Инга. Мир
Шрифт:
— Угу, — согласилась она. Подождала. И попросила, с досадой смеясь его ошарашенному молчанию, — ну, едем?
Он молчал, неудобно сидя, упираясь ногой в землю и повернув лицо, видное ей смутно, с черным, обрисованным луной ухом. Потом медленно отвернулся, нагибаясь. Мотор послушно затарахтел, машина вильнула, выравниваясь, и поехала, со скоростью тихо идущего пешехода.
Инга немного обиженно обняла его через живот, устраиваясь удобнее. Через несколько минут черепашьей езды сказала в спину недовольно:
— Эй. Мы чего так ползем-то?
Серега заглушил мотор. Сидел, опустив голову, топыря в стороны острые локти под закатанными рукавами рубашки. И вдруг сказал:
— А ямы?
— Какие еще ямы? — Инга очень хотела есть, и сильно уже устала. Сидеть было неловко, ноющая спина гнулась то в одну, то в другую сторону. И кажется, скоро снова придется бежать в степь, пописать. А ехать еще двадцать километров.
«Раз пять еще сбегаю, хоть трусы не надевай», прикинула сама себе. И терпеливо повторила:
— Что за ямы, Серый? Поехали уже.
— Ты вдруг упадешь? — в голосе прозвучало такое отчаяние, что она вдруг все поняла, умилилась почти до слез и засмеялась, сердито радуясь. Он был сейчас, как Олега, когда в пять лет ужасно боялся ночного Угомона, нарисованного не слишком умным художником в забытой детской книжке. Точно так же молчал, отказываясь говорить «спокойной ночи», а когда Инга сердилась, и вставала с постели — уйти к себе, говорил с отчаянием:
— Он вдруг… там. Или тут!
И ей приходилось возвращаться, смеясь, целовать, и лезть вместе с ним под кровать и в шкаф, распахивая дверцы, чтоб видел — все родное, нет страшного, все идет, как нужно — просто ночь после дня.

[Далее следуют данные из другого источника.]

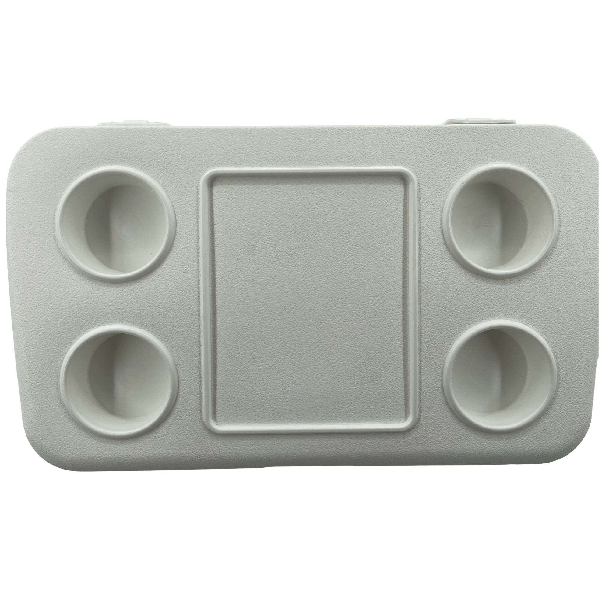 Het deksel biedt geïntegreerde houders, zodat blikjes en flessen altijd binnen handbereik en stabiel neergezet kunnen worden tijdens het pauzeren.

— Ты мой Бибиси, — сказала так, как говорила когда-то «ты мое чудышко».
Слезла с сиденья, дернула упрямую руку, поднимая мужа и поворачивая к себе. Сама обняла, прижалась, укладывая ему на грудь голову. И он послушно уткнулся губами в макушку, целуя. Обнял тоже.
— Все хорошо, — говорила, топчась и покачивая его движениями, а вокруг расстилалась тихая степь, и поодаль за черной неровной линией обрыва плавно сверкало море.

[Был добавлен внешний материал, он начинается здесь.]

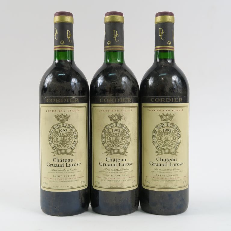 Lot de 3 BOUTEILLES CHÂTEAU GRUAUD LAROSE GCC ST JULIEN - 1992 - 2 BG+/1 BG au prix de 90 à 110 € en vente aux enchères par l'hôtel des ventes Primardeco

— Все хорошо, мой Серый, мальчик мой, мой любимый, солнце мое, свет мой в окошке, мое счастье. Не бойся. Ну, так бывает. Знаешь, да? У всех бывает. Это такое… обычное… И страшно тоже всем. Но у нас все будет хорошо. Не потом, а уже вот сейчас.

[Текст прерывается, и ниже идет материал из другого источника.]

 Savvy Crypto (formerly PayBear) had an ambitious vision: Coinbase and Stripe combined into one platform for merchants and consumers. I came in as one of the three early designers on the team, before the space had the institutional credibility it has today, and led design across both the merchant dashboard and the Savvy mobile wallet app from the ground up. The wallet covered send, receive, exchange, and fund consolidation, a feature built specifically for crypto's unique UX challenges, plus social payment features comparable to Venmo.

Он послушно следовал за ее небольшими шагами, и если бы кто ехал тут, узкой, почти заброшенной грунтовкой, то издалека умиленно подумал, глядя на две сомкнутые медленные фигуры — лето, юг, ночь, влюбленные, танцуют, и музыка им не нужна…
— Мой, — сказал Горчик, и она кивнула, потому что не спрашивал, а просто привыкал к мысли, — совсем совсем мой.
— Ну, и мой тоже. Или моя. Наше вот.
— Я… ты не думай. Я рад. Просто не могу, никак.
— Ты вообще у меня птица-говорун, Бибиси.
— Ну… да.
Он, наконец, оторвался от ее волос и поцеловал поднятое к нему серьезное лицо. Когда-то, лежали вместе, под ярким все показывающим солнцем, на горячем песке. И он
Он знал, что и тогда сумел бы любить их ребенка. Хотя сами они были детьми. А вышло так, что позади, в долине Солнца остался ослепительный шумный Оум, которого он любит, без дураков, любит, но его не было рядом, когда она, его Инга-рыба, ходила, тяжело нося большой живот, и вот бегала в сторону, чтоб вернуться, вытирая рукой рот, и некому было беречь ее, бояться, ругать, если вдруг полезет, куда не надо. Вива берегла. А его — дурака Горчика, не было.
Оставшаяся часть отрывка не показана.